Time frame: At Day 0 and at week 24

Secondary Outcomes

Change From Baseline in Contrast Sensitivity

Contrast sensitivity was assessed using a Mars chart and is expressed as a log contrast sensitivity (log CS) score given by the log CS value at the lowest contrast numeral just prior to two incorrectly identified numerals, minus a scoring correction. The higher is the number of characters properly read by the patient, the higher is the contrast sensitivity.

Time frame: Weeks 12, 24, 36 and 48

Change From Baseline in Humphrey Visual Field 24-2

The Humphrey Visual Field (HVF) analyzer is a tool for measuring the human visual field by providing information regarding the location of any disease processes or lesion(s) throughout the visual pathway. In particular, Humphrey Visual Field 24-2 was used to assess static perimetry by measuring 24 degrees temporally and 30 degrees nasally and tests 54 points. The Analyser projects a series of white light stimuli of varying intensities (brightness), throughout a uniformly illuminated bowl. The higher is the number of stimuli perceived by the patient, the better is the retina's ability to detect a stimulus at specific points within the visual field.

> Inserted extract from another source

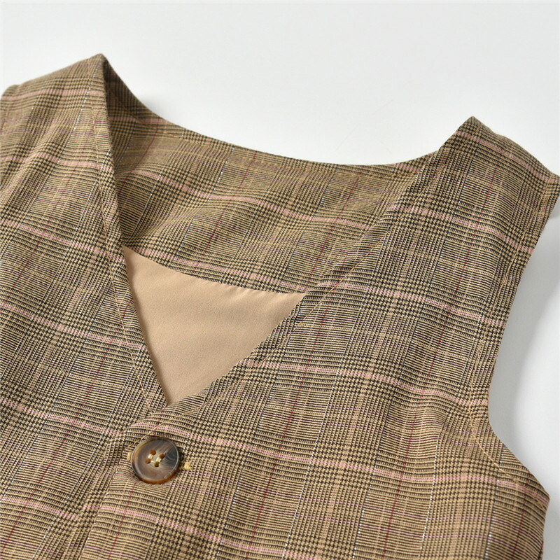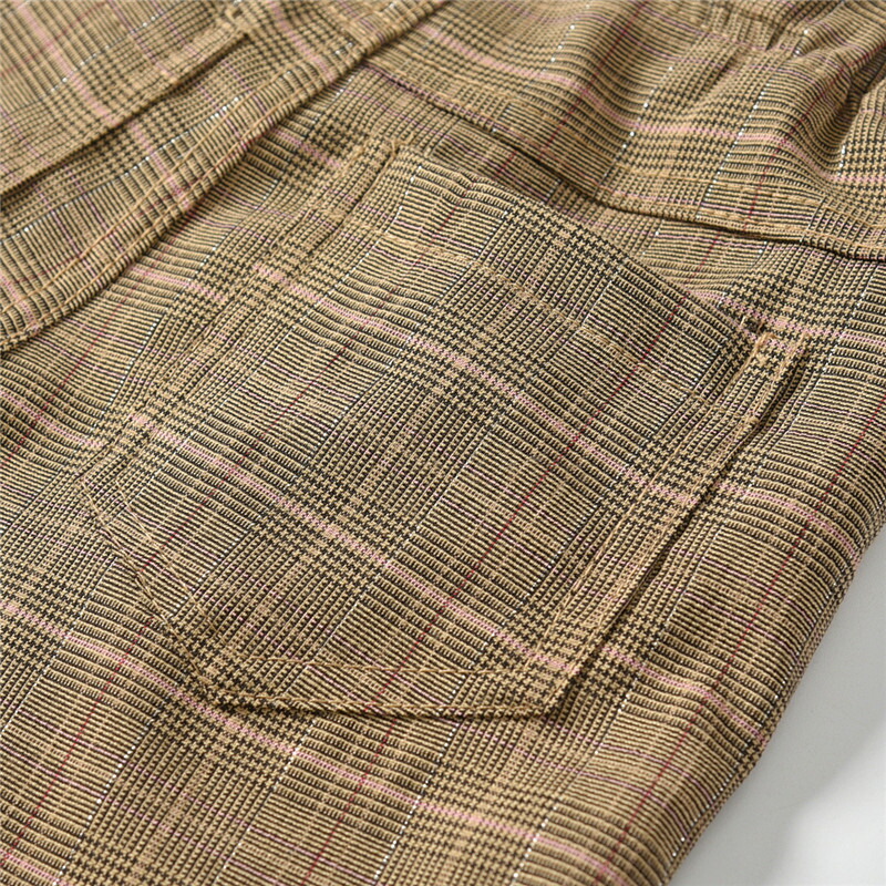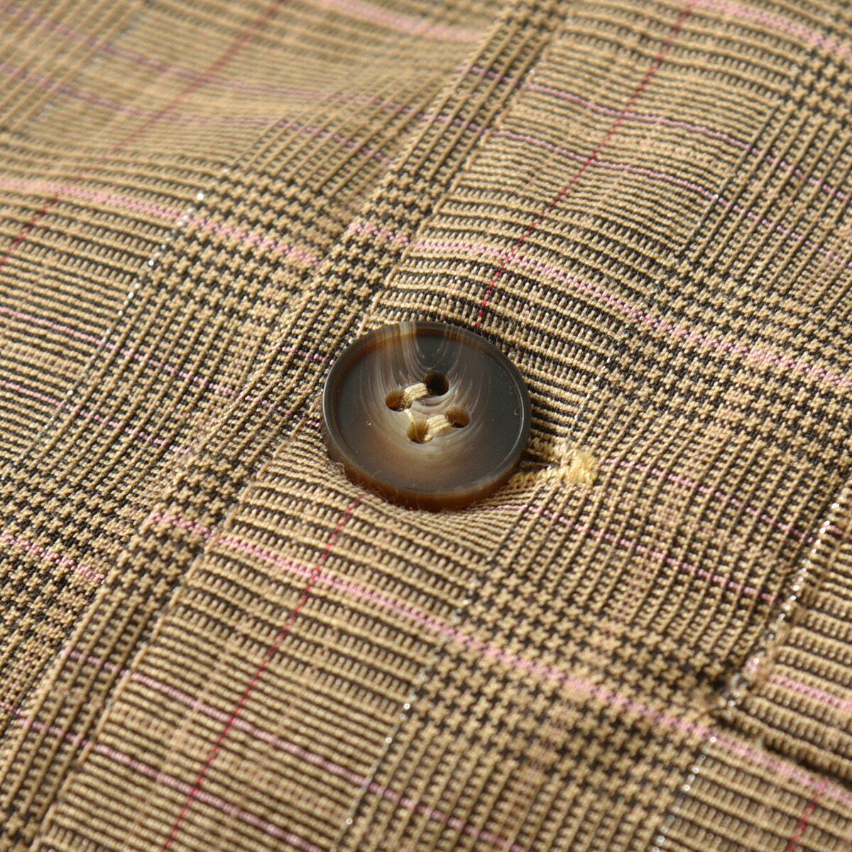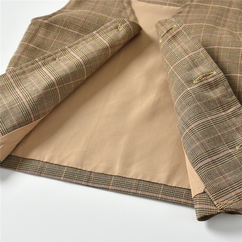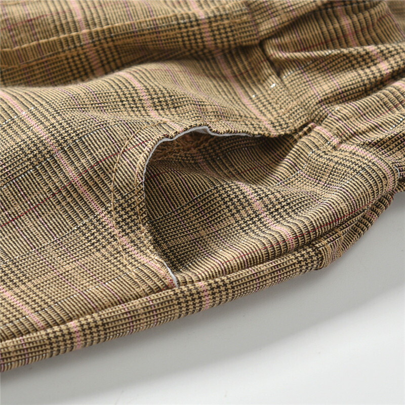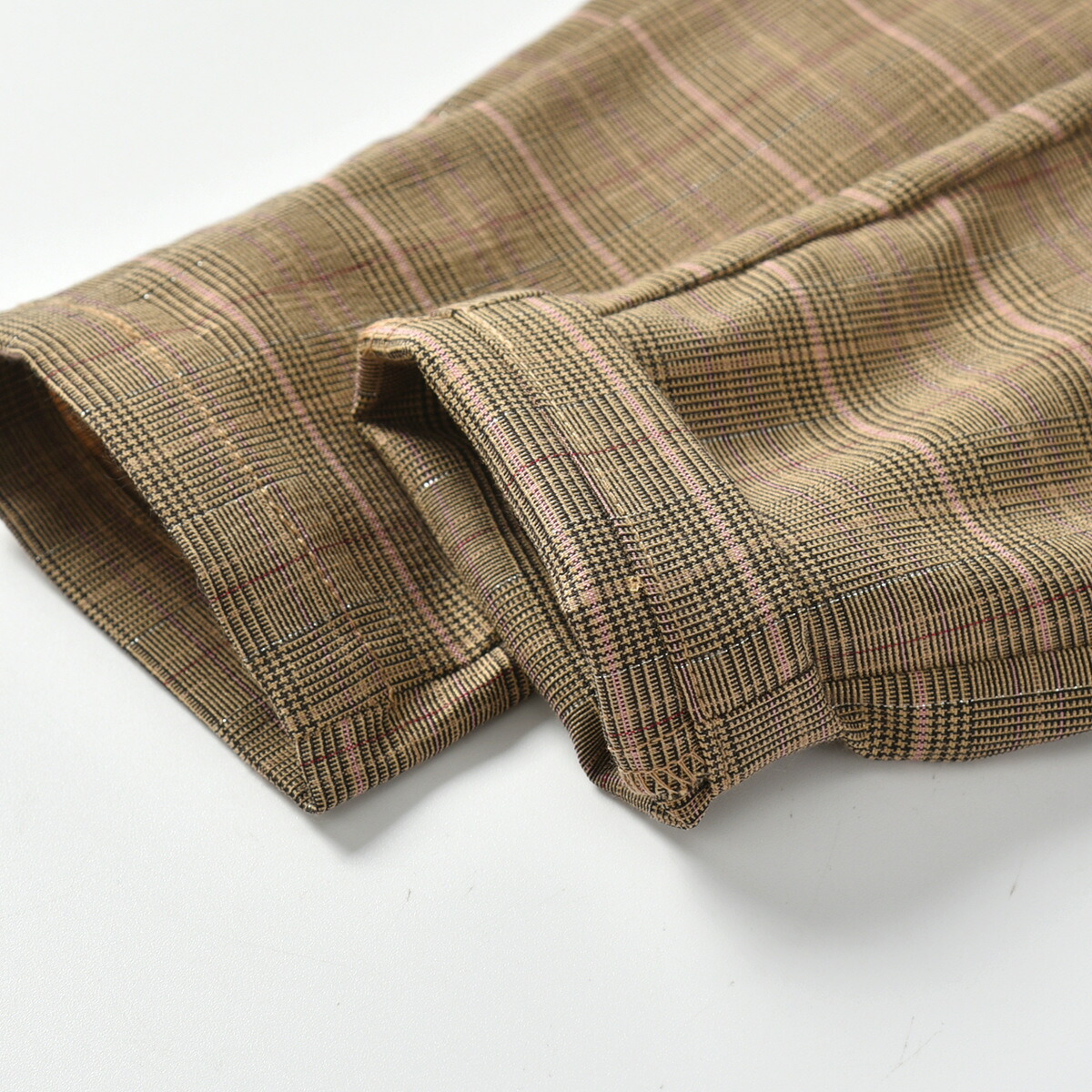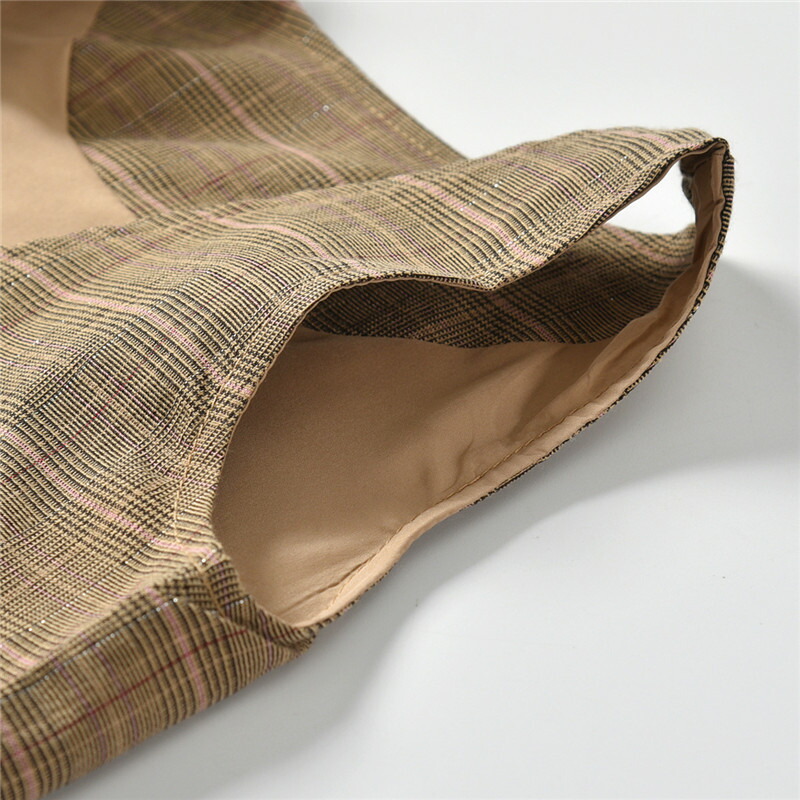 ボリュームを持たせているので、甘くなりすぎずスタイル良く見せてくれる。写真では無地のように見えるが、実物をよく見るとチェック柄が見える。

Time frame: Weeks 12, 24, 36 and 48

Change in Goldmann Visual Field

The Goldmann field exam was performed to assess kinetic perimetry on all enrolled patients.

Time frame: Weeks 12, 24, 36 and 48

Fundus Imaging

A recordable fundus image (photo or other electronic format) showing the central 30 degrees was captured through a dilated pupil to document the appearance of the posterior pole.

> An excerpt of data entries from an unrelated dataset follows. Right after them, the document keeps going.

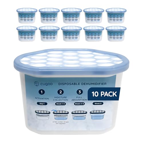 CUQOO Disposable Dehumidifier for Home 500ml, Pack of 10 Moisture Absorber Dehumidifiers for Damp, Mould, Kitchen, Wardrobe, Bedroom, Caravan, Office, Garage, Bathroom - Mini Condensation Absorbers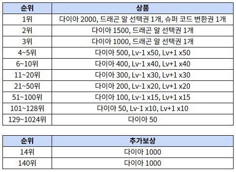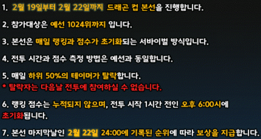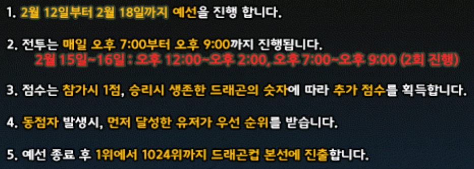 ※ 예선 종료 후 1위부터 1024위까지 드래곤 컵 본선에 진출 하게 됩니다.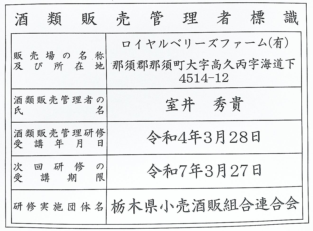 果実酒製造免許取得し、令和4年3月に酒類販売管理研修を受講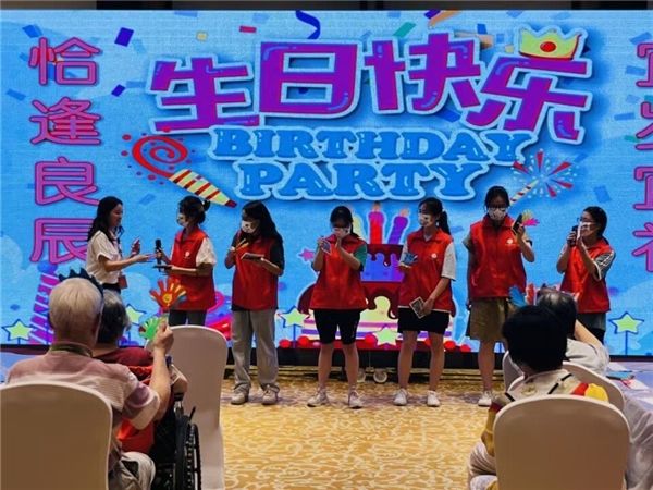 图为集体生日会上,志愿者们主持生日会,为老人们送上真挚的生日祝福。苟邻江摄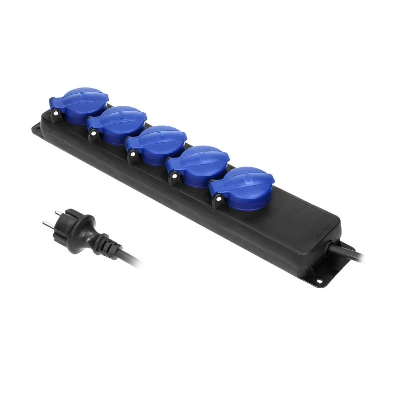 Bryzgoszczelny przedłużacz z kablem o izolacji gumowe, zapewniające użytkowanie. Do listwy możemy podpiąć 5 urządzeń do max mocy 3680W. Gniazda mają uziemienie i przesłony torów prądowych oraz pokrywy uszczelniające, które chronią przed zabrudzeniami i wilgocią. Kabel zasilający marki ORNO, ma zawieszkę, która ułatwia montaż w bezpiecznym miejscu oraz otwory służące do stałego montażu na stanowisku pracy. Przedłużacz dedykowany jest do użytku na zewnątrz i mierzy 5 metrów. Ten model dostępny jest o różnych wymiarach.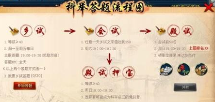 等级达到40级之后,便可去参与乡试答题。每天答题后根据正确答题数也获得一定的文采值。而文采值达到150将获得会试资格。之后再次将于周六19:00~19:30进行会试。前50能参加殿试。

Time frame: Day 0, Weeks 24 and 48

Ocular Coherence Tomography (OCT)

Ocular coherence tomography was performed to evaluate the cross-sectional anatomy of the macula and to document areas of retinal atrophy.

Time frame: Day 0, Weeks 12, 24, 36 and 48

Microperimetry

MP1 microperimetry was analyzed to provide a more accurate measurement of retinal sensitivity in the central visual field, even in patients with unstable or extrafoveal fixation.